Amend regulations for filtering online content and other forms of online censorship in line with freedom of expression standards, and provide means for citizens to appeal the blocking of content

Jordan continues to censor content online using the Press and Publication law, administrative decisions, and public prosecution orders. It is unclear which authorities are able to issue orders to censor websites and there is no process to appeal content censorship.

Jordan’s Press and Publication Law was amended in 2012 to grant the Media Commission the authority to block “news websites” without an editor-in-chief who is a member of the Jordan Press Association. Following the amendment, 291 websites were immediately blocked.

In 2017, the Jordanian Media Commission ordered the blocking of My.Kali, an online pan-Arab LGBT magazine, because it had not applied for a licence in accordance with the Press and Publication Law.
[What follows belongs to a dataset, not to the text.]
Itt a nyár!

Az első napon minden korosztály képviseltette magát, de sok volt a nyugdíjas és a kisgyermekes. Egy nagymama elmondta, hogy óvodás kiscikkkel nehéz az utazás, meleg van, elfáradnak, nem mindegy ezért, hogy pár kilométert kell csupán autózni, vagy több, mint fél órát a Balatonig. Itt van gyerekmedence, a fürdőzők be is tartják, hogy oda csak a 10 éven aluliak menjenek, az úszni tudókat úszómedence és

Jordan also has blocked licensed websites seemingly for failing to adhere to strict editorial guidelines.

  • Amend the Press and Publications Law to clarify the definition of ‘news website’ and remove the conditions requiring for such websites to have a Press Association member for four years as editor-in-chief and employ five full time people in order to be eligible for the license

  • Ensure content censorship is conducted in line with international standards, make clear who has the regulatory power to block content, and provide open data on which content is blocked

Amend the Cybercrime Law and Penal Code, ensuring their compliance with international human rights standards and that their provisions do not limit freedom of opinion and expression

  • Revise the definition of hate speech in the Cybercrime Law to specifically include the terms “incitement to discrimination, hostility or violence” and to include the element of intent

  • Protect the right to freedom of opinion and expression of all Jordanian citizens, both online and offline

The Penal Code defines defamation as “assaulting the dignity and honor of another person or his/her reputation”. Written defamation (“through the use of what is published and disseminated among people or distributed among a group, whether it [be] writings [or] drawings”) is a criminal offence.
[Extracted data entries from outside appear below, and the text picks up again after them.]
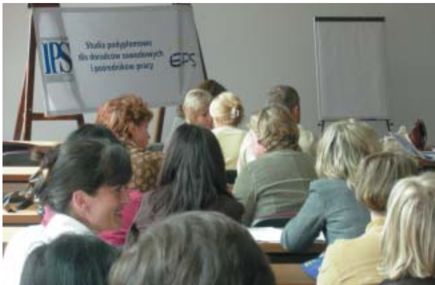
Inauguracja 1 rocznika studiów podyplomowych dla doradców zawodowych i pośredników pracy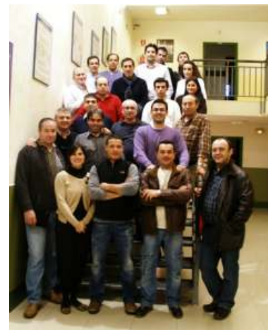
Grupo de asistentes del 2º curso impartido por CETECE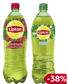
Чай холодный ЛИПТОН, Лимон/ Зеленый/ зеленый/ Земляника и клюква, 1 л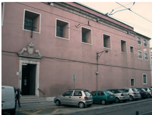
Igreja de Nossa Senhora da Quietação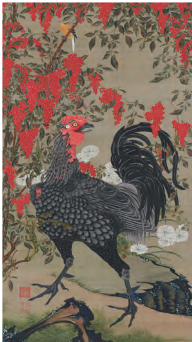
14 南天雄鶏図 (なんてんゆうけいず)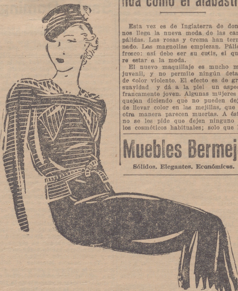
Blusa de crespón grueso negro con rayas blancas, sobre una falda de crespón negro.

Defamation offences, along with ‘hate speech’ are subject to even more severe penalties under the 2018 amendments of the Cybercrimes Law. Article 11 provides a minimum prison term of 3 months for defamation. Criminal sanctions for defamation are generally inconsistent with Article 19 of the ICCPR.

The definition of “hate speech” (“any statement or act that would incite discord, religious, sectarian, racial or ethnic strife or discrimination”) and the penalties for disseminating it do not comply with ICCPR. The broad provisions and lack of an objective process to determine instances of “hate speech” is likely to restrict legitimate forms of expression.
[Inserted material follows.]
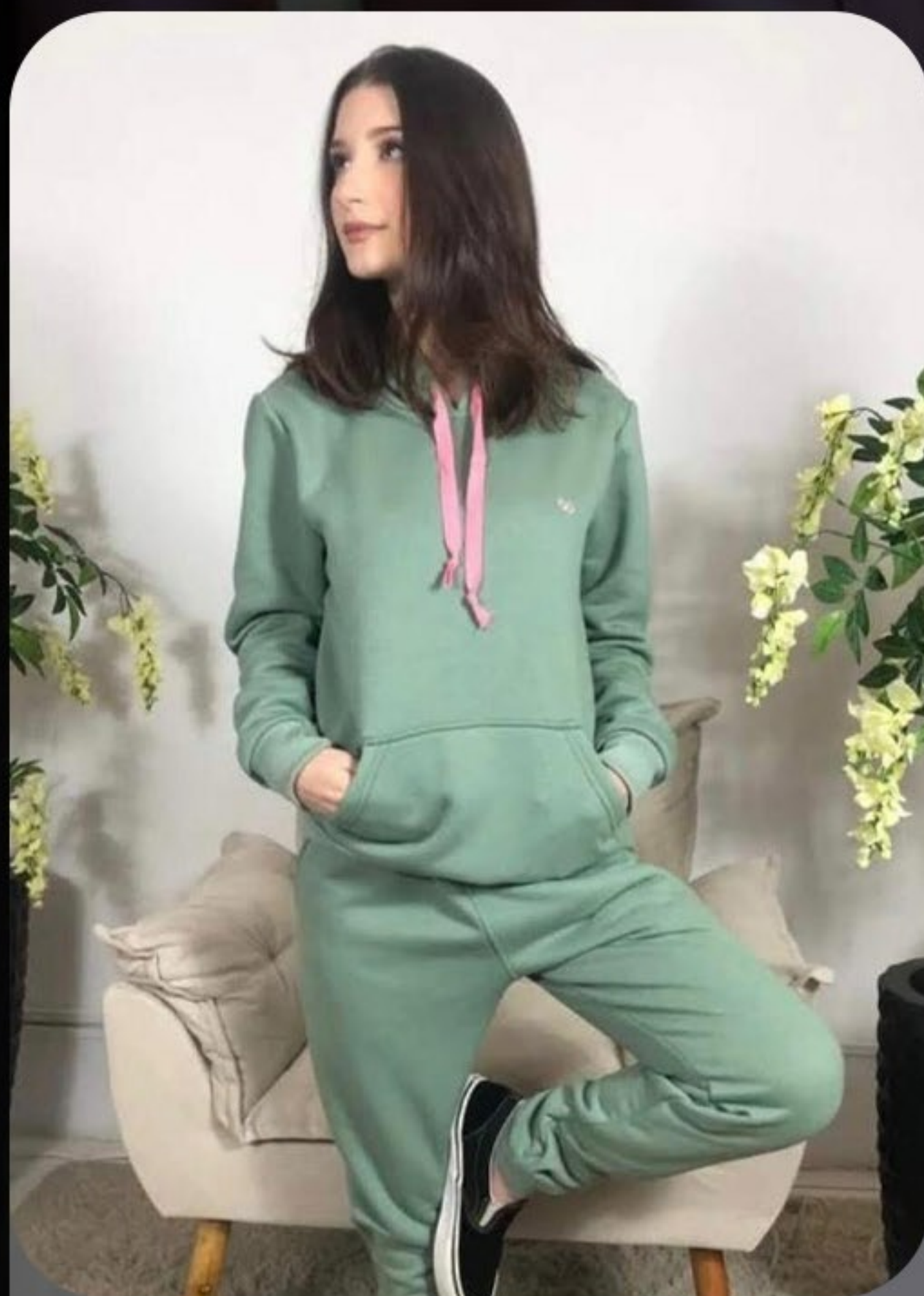
Conjunto moletom 3 cabos com pelucia

Revise and adopt the proposed data protection law through an inclusive and transparent process and establish an independent body with sufficient funding and appropriate powers to enforce it

In September 2018, the ICT Ministry published the third draft of a data protection bill. The bill does not establish an independent data protection authority, and contains insufficient guidelines on data protection. It should be strengthened along these lines and should be provided with sufficient fundings, powers and human resources in order to be able to fulfil its mission.

Threats to the privacy of Jordanians come in many forms. Major companies have reported data breaches without having to deal with any legal liability for the lack of a personal data protection framework. Until companies are held liable for data breaches, the right to privacy of Jordanians will not be adequately protected. The state is not upholding its responsibility to protect its citizens’ right to privacy from mismanagement of personal data gathered by private companies.

Jordan is increasingly introducing data intensive systems, including e-government services that gather sensitive biometric data, without clear legal protection for the data collected.